Imagine como seria o "não" se um dia ele se concretizasse. Feche os olhos por um minuto. E imagine. É esse o verbo que impera quando não podemos ver. A imaginação ganha suas asas mais potentes.
Em Ensaio sobre a cegueira, enxergamos isso e muito mais. Um filme que retrata a cegueira resultante de tanto exagero por parte da "lucidez". Em poucas palavras: é tanta coisa ao nosso redor que mal vemos o essencial, o que nos bastaria como seres vivos. Para percebermos isso, Saramago propõe um teste no qual a visão é desprezada e os homens são postos à prova em sua capacidade de sobrevivência e organização social baseados em todos os outros instintos e sentidos. Vale tudo, menos ver.

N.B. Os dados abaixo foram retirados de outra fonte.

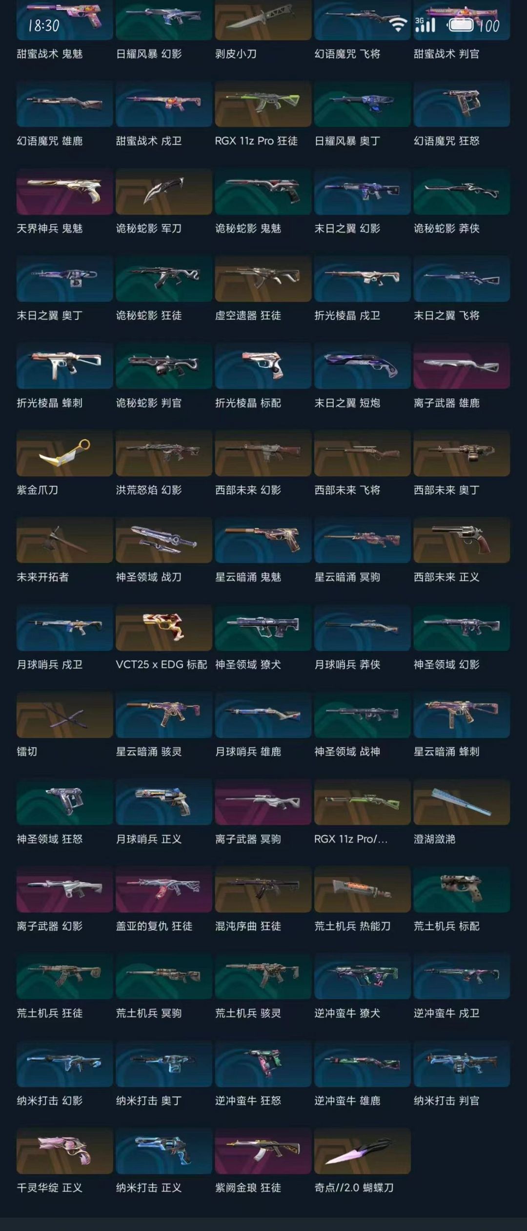 装备描述:随身武器:(千灵华绽 正义 炫彩2);(千灵华绽 正义 炫彩3);(毁灭骑士 正义 炫彩3);(毁灭骑士 正义 炫彩1);(西部未来 正义 炫彩3);(西部未来 正义 炫彩1) 步枪:(盖亚的复仇 狂徒 炫彩3);(盖亚的复仇 狂徒 炫彩2);(侦察力量 幻影 炫彩2);(侦察力量 幻影 炫彩3);(混沌序曲 狂徒 炫彩2);(混沌序曲 狂徒 炫彩1);(西部未来 幻影 炫彩1);(西部未来 幻影 炫彩3);(虚空遗器 狂徒 炫彩1);(虚空遗器 狂徒 炫彩3);(光荣异象 狂徒 炫彩2);(光荣异象 狂徒 炫彩3);(超时空卫队 狂徒 炫彩2) 狙击步枪:(RGX 11z Pro//3.0 莽侠 炫彩2);(RGX 11z Pro//3.0 莽侠 炫彩3);(西部未来 飞将 炫彩1);(西部未来 飞将 炫彩3) 机关枪:(西部未来 奥丁 炫彩1);(西部未来 奥丁 炫彩3);(西部未来 奥丁 炫彩2) 近战武器:(奇点//2.0 蝴蝶刀 炫彩1);(镭切 炫彩2);(镭切 炫彩3);(未来开拓者 炫彩1);(未来开拓者 炫彩3);(影钩 炫彩2)

A realidade de cada um é, então, construída pela imaginação. E, por um instante, há organização em meio à desordem aparente. Sim, pois, ainda que guiados por seu próprio universo imaginário, cada um conflui com o coletivo no interesse pela permanência no mundo. Sem ser visto, o outro é percebido. E um diálogo ou um desejo flui a partir da sensação de uma nova presença física. O real se mostra com outro teor. Agora traz peso, emoção, calor, energia... ultrapassa a relativa aparência para se justificar.
É assim que o escuro dá vez ao claro. E que talvez o "não" deixe de ser. A vida acontece diferente, mais rica. Nova, sem cores e formas pré-definidas. Bonito e feio perdem sentido. Ela só pulsa em cada um e vibra no ambiente. Animais? Não, gente mesmo... Coisa de raça.
Reconheçamos: o "não" é um grande convite para o "sim". Imagine.